What is required. Exactly retype the lines from the top of the data through the line containing "A U.S. Air Force C-17 Globemaster III from", leaving out every picture.

··· Data extract ···

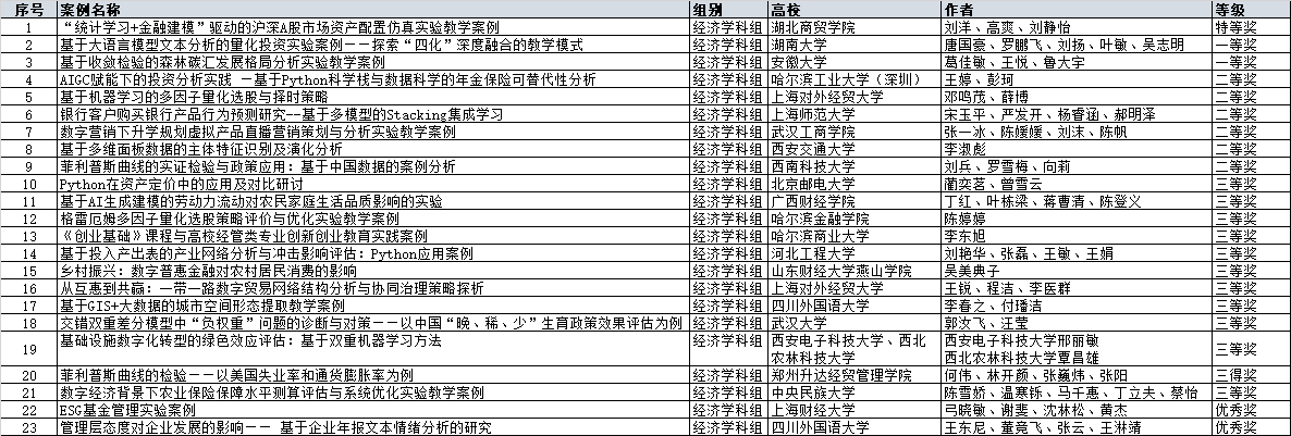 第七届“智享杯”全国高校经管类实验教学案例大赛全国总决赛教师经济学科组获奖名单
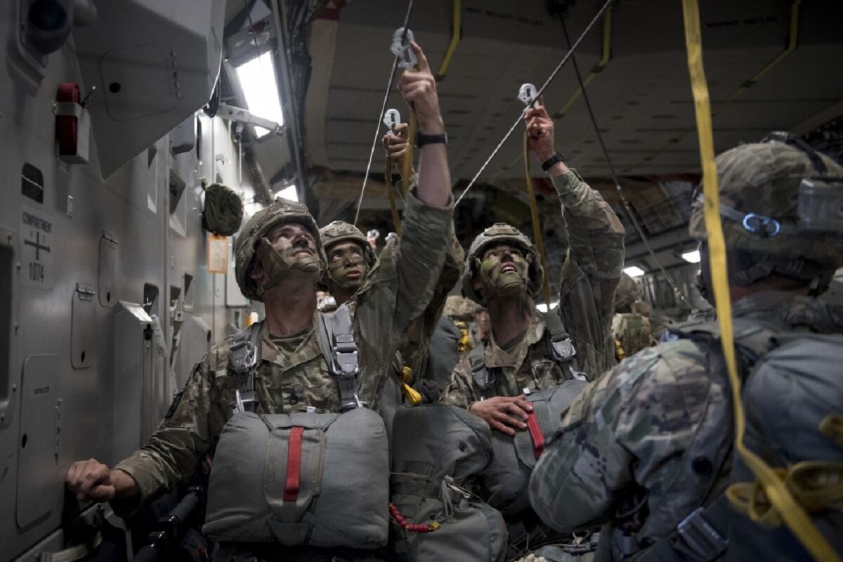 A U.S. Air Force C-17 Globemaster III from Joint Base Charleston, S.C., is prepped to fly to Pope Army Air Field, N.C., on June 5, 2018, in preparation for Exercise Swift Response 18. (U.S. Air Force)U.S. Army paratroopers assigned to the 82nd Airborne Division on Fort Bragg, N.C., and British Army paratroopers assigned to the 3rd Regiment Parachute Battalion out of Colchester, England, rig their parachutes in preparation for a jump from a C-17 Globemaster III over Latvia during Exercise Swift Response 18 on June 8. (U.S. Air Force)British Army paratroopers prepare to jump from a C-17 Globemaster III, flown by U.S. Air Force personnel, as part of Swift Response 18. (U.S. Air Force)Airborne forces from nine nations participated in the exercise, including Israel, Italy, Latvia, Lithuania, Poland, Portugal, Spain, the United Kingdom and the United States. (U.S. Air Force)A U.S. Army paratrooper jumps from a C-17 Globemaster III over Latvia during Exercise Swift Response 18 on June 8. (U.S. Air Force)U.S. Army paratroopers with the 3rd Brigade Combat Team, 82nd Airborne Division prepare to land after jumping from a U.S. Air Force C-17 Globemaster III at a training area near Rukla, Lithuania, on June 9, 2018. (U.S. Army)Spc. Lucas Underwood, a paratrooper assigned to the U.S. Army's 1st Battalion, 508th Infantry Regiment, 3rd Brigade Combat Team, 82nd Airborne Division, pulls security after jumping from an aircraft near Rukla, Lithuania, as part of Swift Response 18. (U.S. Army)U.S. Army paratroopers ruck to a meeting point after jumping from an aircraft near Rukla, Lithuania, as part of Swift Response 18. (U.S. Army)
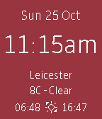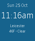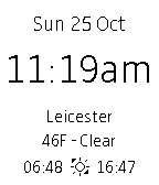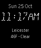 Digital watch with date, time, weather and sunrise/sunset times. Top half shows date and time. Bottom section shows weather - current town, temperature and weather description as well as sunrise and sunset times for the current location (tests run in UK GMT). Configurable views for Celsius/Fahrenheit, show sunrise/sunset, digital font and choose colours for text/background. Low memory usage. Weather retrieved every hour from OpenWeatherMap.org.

···

Result.
 第七届“智享杯”全国高校经管类实验教学案例大赛全国总决赛教师经济学科组获奖名单
 A U.S. Air Force C-17 Globemaster III from Joint Base Charleston, S.C., is prepped to fly to Pope Army Air Field, N.C., on June 5, 2018, in preparation for Exercise Swift Response 18. (U.S. Air Force)U.S. Army paratroopers assigned to the 82nd Airborne Division on Fort Bragg, N.C., and British Army paratroopers assigned to the 3rd Regiment Parachute Battalion out of Colchester, England, rig their parachutes in preparation for a jump from a C-17 Globemaster III over Latvia during Exercise Swift Response 18 on June 8. (U.S. Air Force)British Army paratroopers prepare to jump from a C-17 Globemaster III, flown by U.S. Air Force personnel, as part of Swift Response 18. (U.S. Air Force)Airborne forces from nine nations participated in the exercise, including Israel, Italy, Latvia, Lithuania, Poland, Portugal, Spain, the United Kingdom and the United States. (U.S. Air Force)A U.S. Army paratrooper jumps from a C-17 Globemaster III over Latvia during Exercise Swift Response 18 on June 8. (U.S. Air Force)U.S. Army paratroopers with the 3rd Brigade Combat Team, 82nd Airborne Division prepare to land after jumping from a U.S. Air Force C-17 Globemaster III at a training area near Rukla, Lithuania, on June 9, 2018. (U.S. Army)Spc. Lucas Underwood, a paratrooper assigned to the U.S. Army's 1st Battalion, 508th Infantry Regiment, 3rd Brigade Combat Team, 82nd Airborne Division, pulls security after jumping from an aircraft near Rukla, Lithuania, as part of Swift Response 18. (U.S. Army)U.S. Army paratroopers ruck to a meeting point after jumping from an aircraft near Rukla, Lithuania, as part of Swift Response 18. (U.S. Army)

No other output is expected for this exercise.